The Policy Details panel is displayed.
Specify a name for the policy in the Policy Name field.
The policy name is mandatory.
Specify values for the policy's attributes.
Choose Context-Sensitive Help from the Help menu for information about the various attributes in this window. Or, go to Table 11–5 for all the policy attribute descriptions.
Click Save to save the policy, or click Done.
In the following example, a new policy called build11 is created. The Minimum Password Classes is set to 3.
In the following example, the add_policy command of kadmin is used to create the build11 policy. This policy requires at least 3 character classes in a password.
$ kadmin kadmin: add_policy -minclasses 3 build11 kadmin: quit |
This procedure explains how to use all or some of the attributes of an existing policy to create a new policy. No command-line equivalent exists for this procedure.
If necessary, start the SEAM Tool.
See How to Start the SEAM Tool for details.
Click the Policies tab.
Select the policy in the list that you want to duplicate, then click Duplicate.
The Policy Details panel is displayed. All the attributes of the selected policy are duplicated, except for the Policy Name field, which is empty.
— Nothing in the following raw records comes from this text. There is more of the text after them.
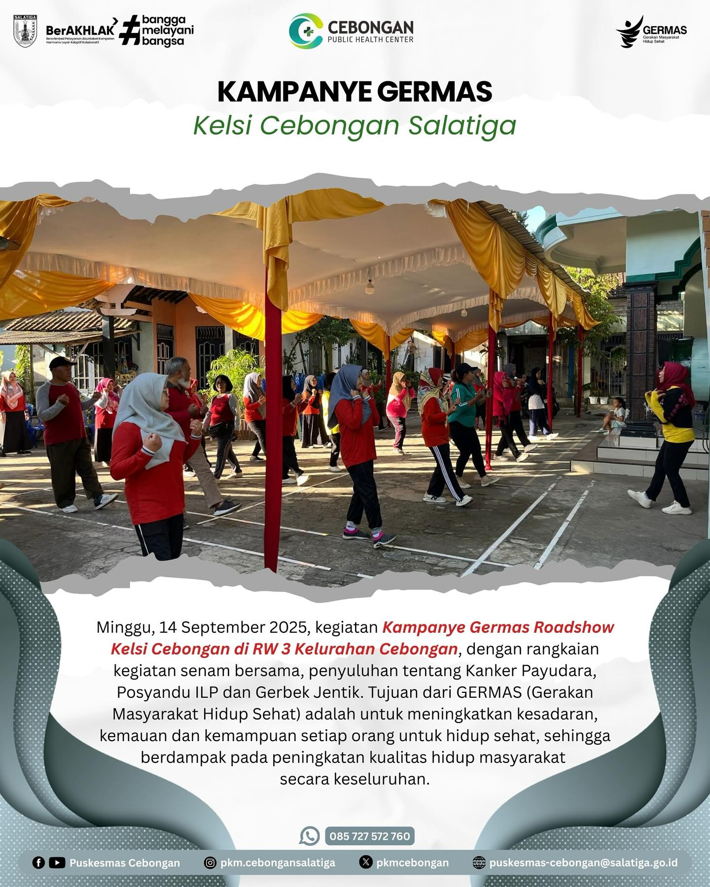 Minggu, 14 September 2025, kegiatan Kampanye Germas Roadshow Kelsi Cebongan di RW 3 Kelurahan Cebongan, dengan rangkaian kegiatan senam bersama, penyuluhan tentang Kanker Payudara, Posyandu ILP dan Gerbek Jentik. Tujuan dari GERMAS (Gerakan Masyarakat Hidup Sehat) adalah untuk meningkatkan kesadaran, kemauan dan kemampuan setiap orang untuk hidup sehat, sehingga berdampak pada peningkatan kualitas hidup masyarakat secara keseluruhan.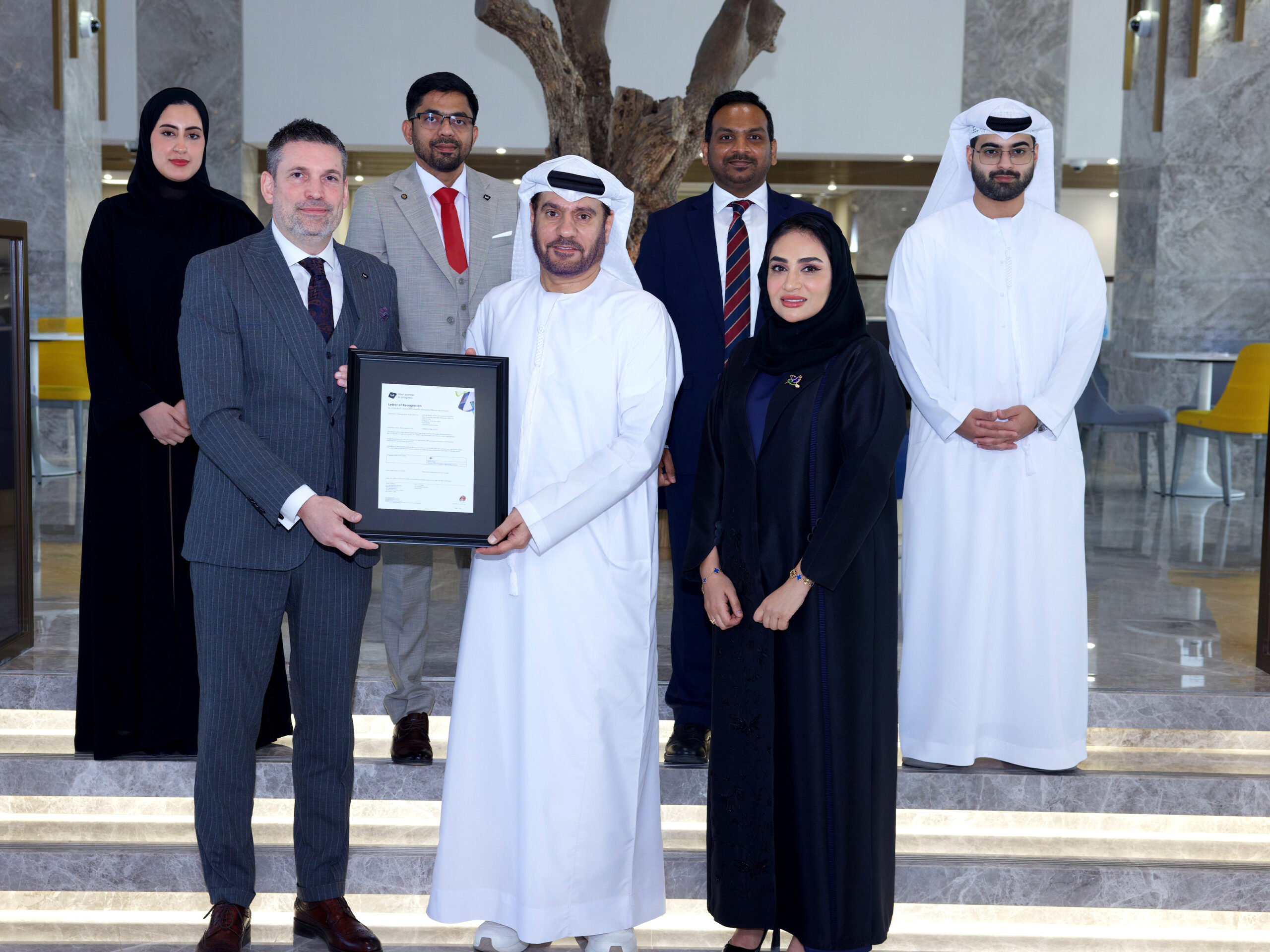 The certificate was received by Ibraheem Al Sayed Mohamed Al Hashemi, Assistant Governor for Executive Office and Secretary General of the Board of Directors at CBUAE, from representatives of the British Standards Institution, marking this institutional achievement.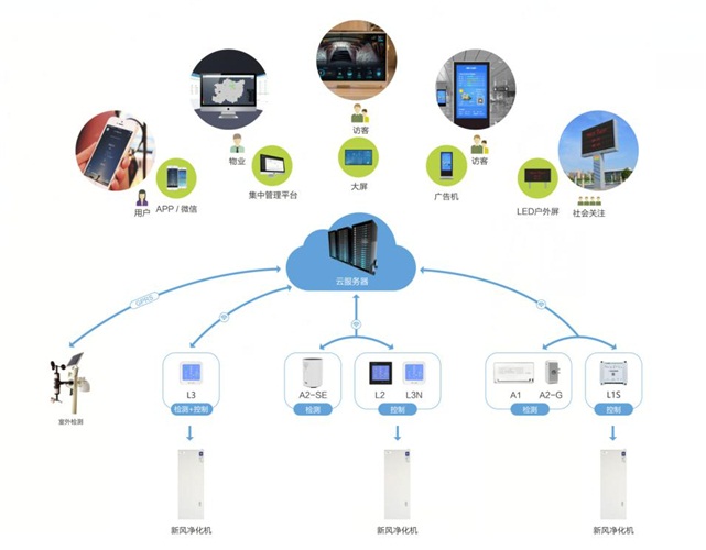 智慧楼宇环境综合系统解决方案是由空气质量检测仪和控制治理设备及综合监管平台共同组成,空气电台感知设备(智能空气质量检测仪)感知到空气中污染物的浓度,通过 APP 进行数据信息通知提醒或通过RS485总线进行数据查询,与控制类产品(L1S,L2,L3N)联动启动相关的联动环境设备(如新风机、空气净化器、空调暖通设备、加除湿设备、增氧机、负离子发生器等),改善当前环境,达到预设状态。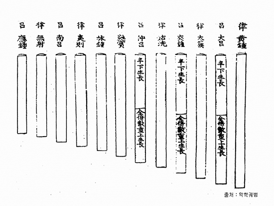 한편 기장 한 알의 폭을 1푼(分)이라고 하고, 10푼을 1촌, 10촌을 1척, 10척을 1장, 10장이 1인이라 하니, 황종율관의 길이9촌은 90알의 기장을 일렬로 늘어놓은 길이와 일치한다.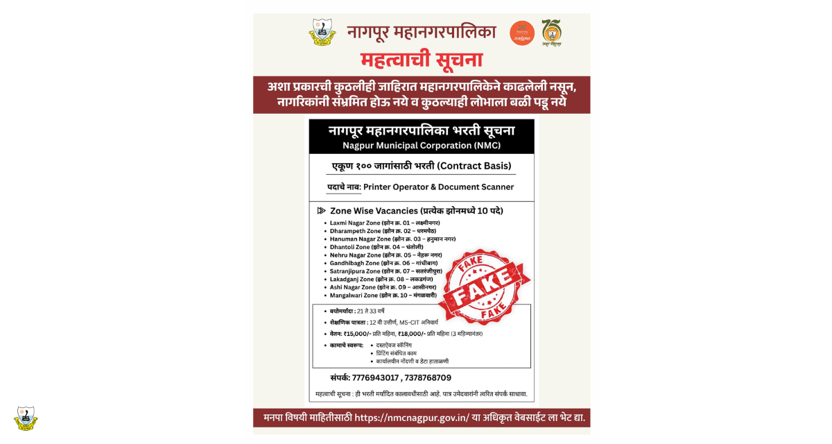 बनावट भरती जाहिरातप्रकरणी मनपाची पोलिसात तक्रार
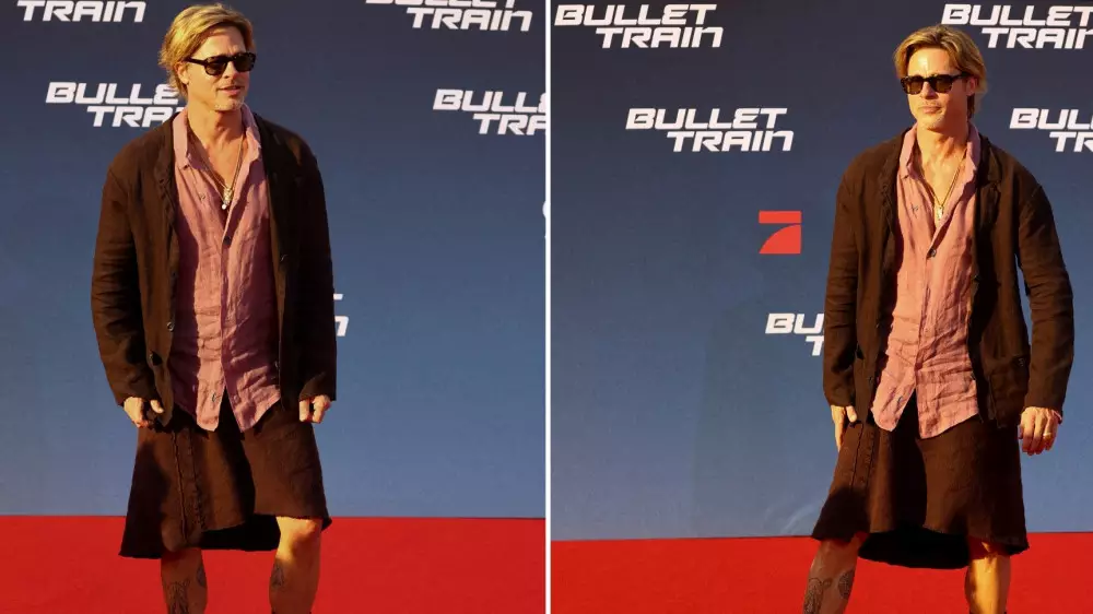 Образ Питта активно обсуждался в медиа, мало кто остался равнодушным к его выходу в льняном костюме, состоящем из темной юбки выше колен, пиджака в тон и мятой розовой рубашки. Яркий наряд артиста дополнили тогда кожаные ботинки на шнуровке.

Specify a name for the duplicated policy in the Policy Name field.
The policy name is mandatory. To make an exact duplicate of the policy you selected, click Save and skip to Step 6.
Specify different values for the policy's attributes.
Choose Context-Sensitive Help from the Help menu for information about the various attributes in this window. Or, go to Table 11–5 for all the policy attribute descriptions.
Click Save to save the policy, or click Done.
An example of the command-line equivalent follows this procedure.
If necessary, start the SEAM Tool.
See How to Start the SEAM Tool for details.
Click the Policies tab.
Select the policy in the list that you want to modify, then click Modify.
The Policy Details panel is displayed.
Modify the policy's attributes.
Choose Context-Sensitive Help from the Help menu for information about the various attributes in this window. Or, go to Table 11–5 for all the policy attribute descriptions.
You cannot modify a policy's name. To rename a policy, you must duplicate the policy, specify a new name for it, save it, and then delete the old policy.
Click Save to save the policy, or click Done.
In the following example, the modify_policy command of kadmin is used to modify the minimum length of a password to five characters for the build11 policy.
$ kadmin kadmin: modify_policy -minlength 5 build11 kadmin: quit |
An example of the command-line equivalent follows this procedure.
If necessary, start the SEAM Tool.
See How to Start the SEAM Tool for details.
Click the Policies tab.
Before you delete a policy, you must cancel the policy from all principals that are currently using it. To do so, you need to modify the principals' Policy attribute. The policy cannot be deleted if any principal is using it.
Select the policy in the list that you want to delete, then click Delete.
After you confirm the deletion, the policy is deleted.
In the following example, the delete_policy command of the kadmin command is used to delete the build11 policy.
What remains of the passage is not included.